Rising mortgage rates and living costs are taking some of the heat out of the mortgage market

Mortgage borrowing fell to £4.7 billion in February, from £5.9 billion in January, according to figures from the Bank of England.

However, lending remains above the pre-pandemic average of £4.3 billion in the 12 months up to February 2020.

Approvals for house purchases, an indicator of future borrowing, fell to 71,000 in February, from 73,800 in January.

Approvals for remortgaging to a different lender rose to 48,200 in February.

Roger Evans, director of home finance distribution at Gatehouse Bank, said: “Approvals for new mortgages are still high above pre-pandemic levels, but this monthly fall suggests that low housing stock is starting to have an impact on the number of buyers seeking mortgages.

“Many people are acting on their long-held plans to move home, with a number of them still searching for larger homes to accommodate new hybrid and remote working lifestyles.

“When it comes to rate rises, the Bank of England’s direction of travel is well understood. All buyers will be conscious that to act quickly will mean they’ll likely beat further increases. This rush to secure properties sooner rather than later is probably going to keep approvals above the pre-pandemic norm until at least the summer though continued softening is expected if stock levels do not start to bounce back.”
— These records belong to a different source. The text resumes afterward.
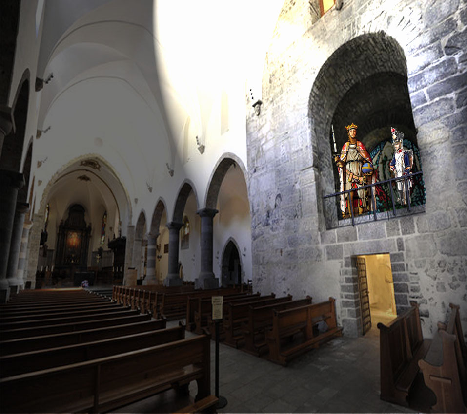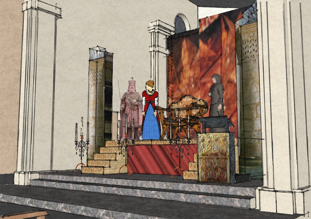 1er tableau : Eglise St-Sigismond : L'épopée commence par la scène tragique de l'infanticide qui entacha la vie du roi Sigismond, fondateur de l'Abbaye.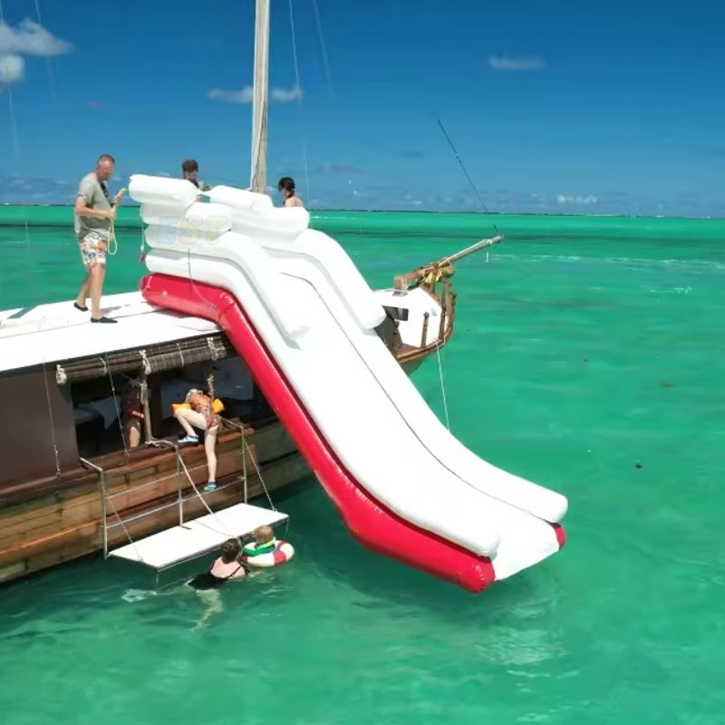 Mini toboggan aquatique flottant, jeux de toboggan gonflable, toboggan de yacht rouge, toboggan gonflable commercial pour bateau
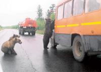 Дикий медведь, вышедший на дорогу, погиб в Томской области под колесами автомобилей.
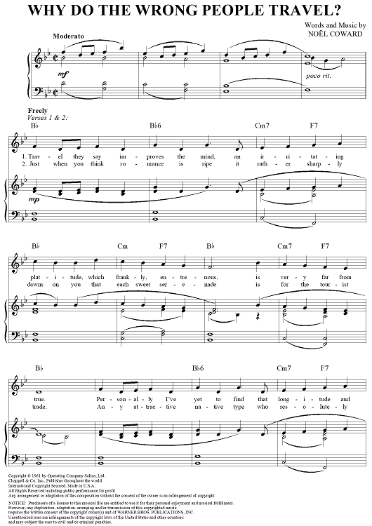 Digital Sheet Music for Why Do the Wrong People Travel? by Noel Coward, Elaine Stritch scored for Piano/Vocal/Chords; id:355730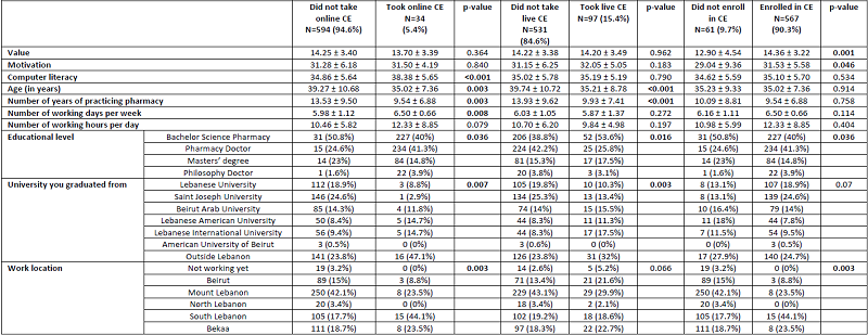 Results: Out of the 750 questionnaires distributed, 628 (83.73%) were filled out and returned to be analyzed. The mean age of the participants was 39.04 (SD 10.57) years, 66.9% of them were females, and 41.1% of them had a bachelor degree in pharmacy and worked in Mount Lebanon. Among the 628 respondents, 567 (90.3%) have earned at least one CE credit. Of those, 5.4% took mainly online courses, 15.4% took mainly live courses and the remaining took both types of CE. Higher motivation (aOR=1.05; CI 0.994-1.109) and higher value (aOR=1.076; CI 0.968-1.197) were associated with higher odds of taking live CE courses. Higher motivation (aOR=1.07; 95%CI 0.994-1.152) was associated with higher odds of taking online CE courses. Higher motivation (aOR=1.059; 95%CI 1.006-1.114) and higher general confidence with computer use (aOR=1.058; 95%CI 1.012-1.106) were significantly associated with higher odds of taking both types of CE courses.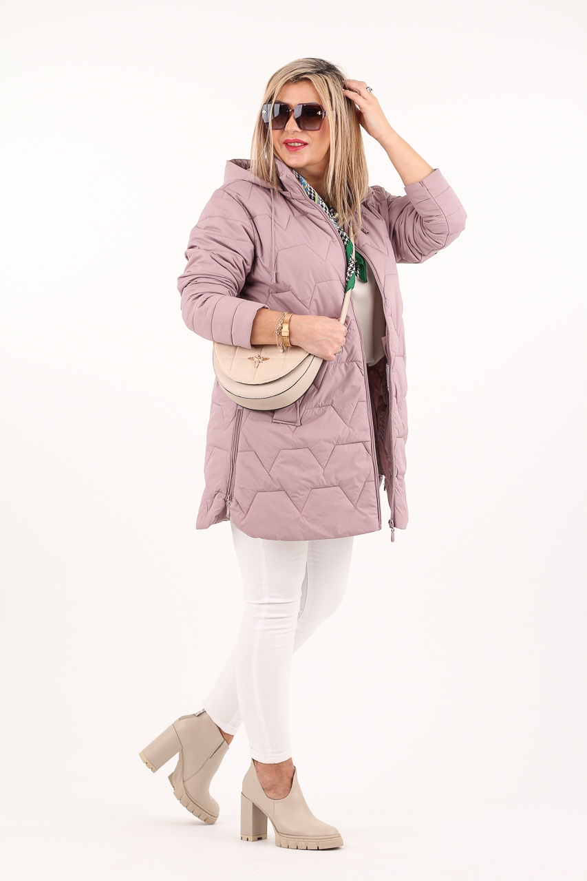 Женская стеганая куртка с переходом с капюшоном большие размеры замки по бокам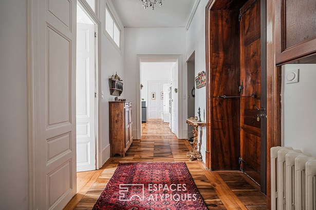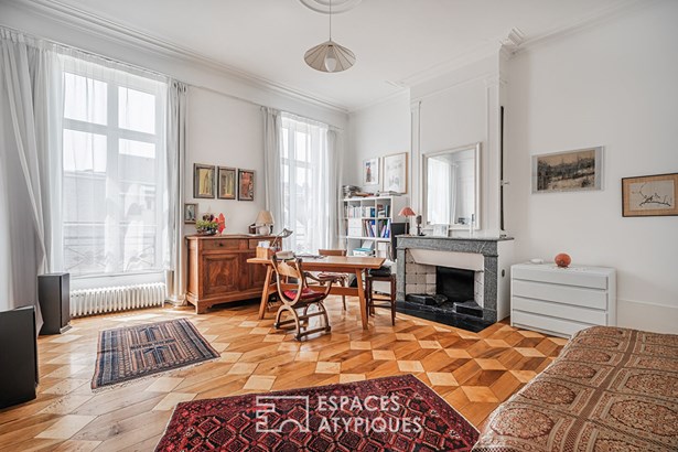 Located in a 19th-century neoclassical building with a listed courtyard, a stone's throw from the flower gardens of Philippeville, this magnificent 214.54 sqm apartment, tastefully renovated, is located on the 2nd floor of the condominium. Combining the indisputable charm of the old with a resolutely contemporary renovation, this rare property offers vast living spaces, high-end amenities and an exceptional living environment.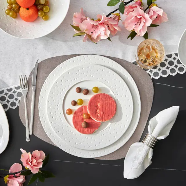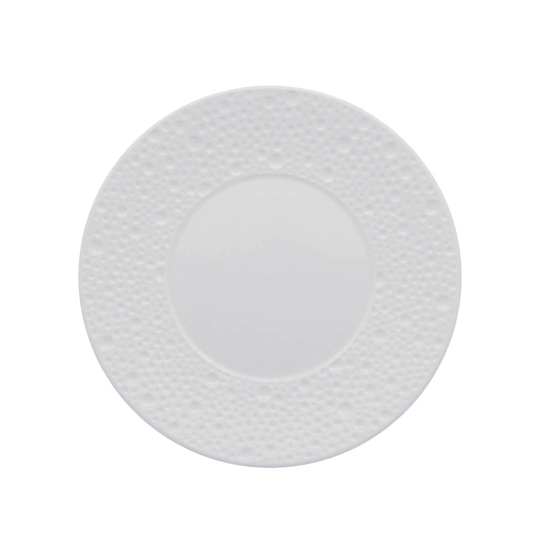 Eleganten bel desertni krožnik Deva odlikuje edinstvena reliefna dekoracija, ki spominja na lunino površje. Ta dodaja sodoben pridih klasični beli liniji, kar omogoča popolno prilagodljivost krožnika v vsakem okolju. Porcelan je obogaten z aluminijevim oksidom, ki zagotavlja večjo odpornost kot običajni materiali, večjo trdnost in videz polirano zaključenega premaza. Krožnik premera 20,9 cm je primeren za uporabo v mikrovalovni pečici in pomivanje v pomivalnem stroju. NAMIG: Kombinirajte ga še z ostalimi izdelki iz iste linije Deva.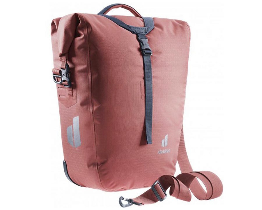 Deuter Weybridge 20+5 redwood — компактная и функциональная водонепроницаемая сумка для велосипеда, эффективно защищающая багаж от дождя и дорожных брызг. Модель изготовлена ??из высококачественного материала 420D PA TOMCOAT, что обеспечивает долговечность и износостойкость.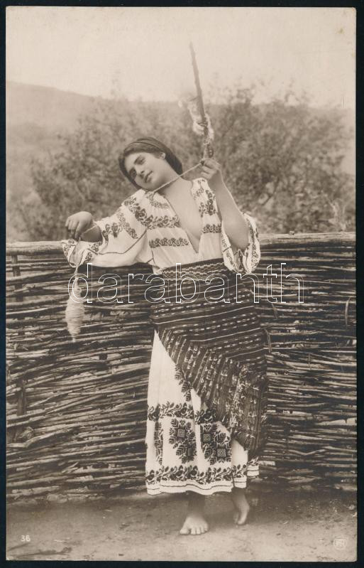 1912 Lány román népviseletben, finoman erotikus fotólap, 13×9 cm

Nitesh Patel, strategic economist at Yorkshire Building Society, added: “Mortgage data suggests housing purchasing activity continued to hold up well particularly when compared to the pre-pandemic figures for 2019. The £4.7bn rise in net mortgage lending and 70,972 mortgage approvals were both higher than their pre-pandemic averages of £4.1bn and 65,700 respectively.

“Whilst these are down from January, they remain high for this time of the year. Low borrowing costs, a strong jobs markets and importantly remote working are key drivers – and will remain so for the next few months.”